Brockman Hall for Opera

Allan Greenberg Architects provided the design of the Brockman Hall for Opera, whose inner workings were discussed in the previous issue of Texas Architect (May/June 2021). What’s of greatest interest here are the building’s exterior elevations and their participation in Rice-ness.

The construction of the Brockman Hall for Opera was completed without financial support from Rice University. Instead, it was funded after a successful $100 million philanthropic campaign by gifts from more than 60 donors. Contributions from the A. Eugene Brockman Charitable Trust, the opera hall’s lead donor, were substantial enough that the two-building complex was additionally named the Brockman Music and Performing Arts Center. (That same trust was also the lead donor for the aforementioned physics building on campus). Here, donor interests shaped the design of the building, which resulted in its more traditional styling, as the architects looked to the original Lovett Hall and to their prior Humanities Building to inspire the lively patterned facade.  

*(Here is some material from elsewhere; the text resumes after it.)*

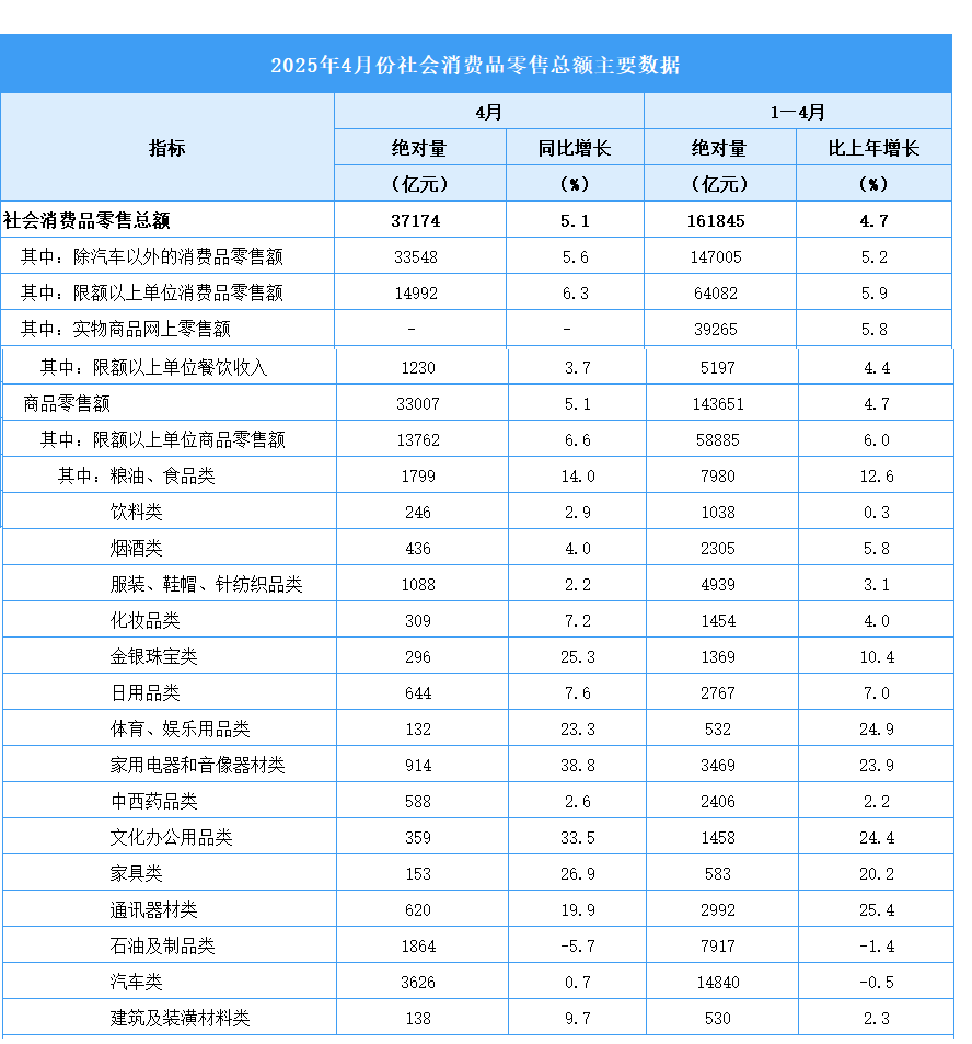 4月份,社會(huì)消費(fèi)品零售總額37174億元,同比增長(zhǎng)5.1%。其中,除汽車以外的消費(fèi)品零售額33548億元,增長(zhǎng)5.6%。1—4月份,社會(huì)消費(fèi)品零售總額161845億元,增長(zhǎng)4.7%。其中,除汽車以外的消費(fèi)品零售額147005億元,增長(zhǎng)5.2%。

This state of affairs has resulted in a number of issues. Locally, it means that the building doesn’t respond to its immediate contextual partner, Alice Pratt Brown Hall, designed by Ricardo Bofill. It’s a bit like taking a date to a dance and staring across the room at someone else the whole time. Given its size, the hall is set close to the existing building, and the front entrance is oriented toward the rest of campus, which undermines the ceremonial grandeur of its expression. This also ignores the wide expanse of parking beyond and an increasingly active arts-oriented sector adjacent to Entrance 8. While Lovett Hall acts as a two-faced gateway, this building turns away from any potential wide view. Ristow says that “with the recent additions of the opera building, the Moody Center for the Arts, and the Anderson-Clarke Center, the area has evolved into a destination with increased density and a variety of functions increasingly centered around visual and performing arts.” But the opera hall isn’t concerned with extending campus-ness outward, only magnifying it inward, despite its siting in a region of low building density.

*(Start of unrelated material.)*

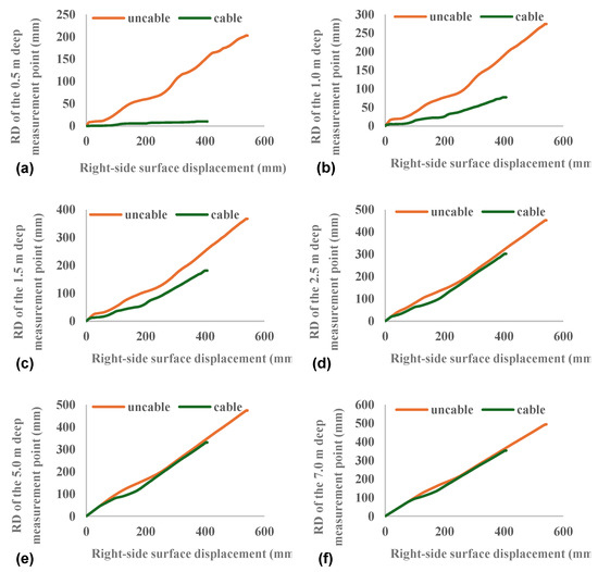 Variation in RD of internal measurement points with right-side surface displacement. Note: (a) shows the variation in RD of the 0.5 m deep measurement point; (b) shows the variation in RD of the 1.0 m deep measurement point; (c) shows the variation in RD of the 1.5 m deep measurement point; (d) shows the variation in RD of the 2.5 m deep measurement point; (e) shows the variation in RD of the 5.0 m deep measurement point; (f) shows the variation in RD of the 7.0 m deep measurement point.

The Brockman Hall for Opera prizes stylistic expression and contextual integration. But its location — at a distance from its sources of inspiration — exposes the shallowness of this method. This fetishization of context and style, says Fox, “confers, without further thought or effort, consistent and coherent architectural identity: enabling a new building to fit in as undisruptively and imperceptibly as possible.” 

A familiar pitfall is the downgrading of material assemblies from loadbearing capacities to purely symbolic functions. Bricks are no longer thick structural units, but veneers applied to steel frames, and joints are universally overwhelmed by trigger-happy caulk applications. Every inch of depth costs more money. This is one of the regular failures of neo-traditional architectures: In attempting to hide how flat everything actually is, they actually make it more apparent. This holds true even in buildings like this one, which is constructed with a high degree of craft. “Brockman Hall tries to deny the comparative thinness of its frame construction, rather than pose the architectural question of how architects might produce a version of Rice’s traditional architecture that coheres with current construction technologies,” Fox says. Rather than revisiting and extending the language of Cram’s original building, other architects working at Rice chose to respond in a more architectural manner. 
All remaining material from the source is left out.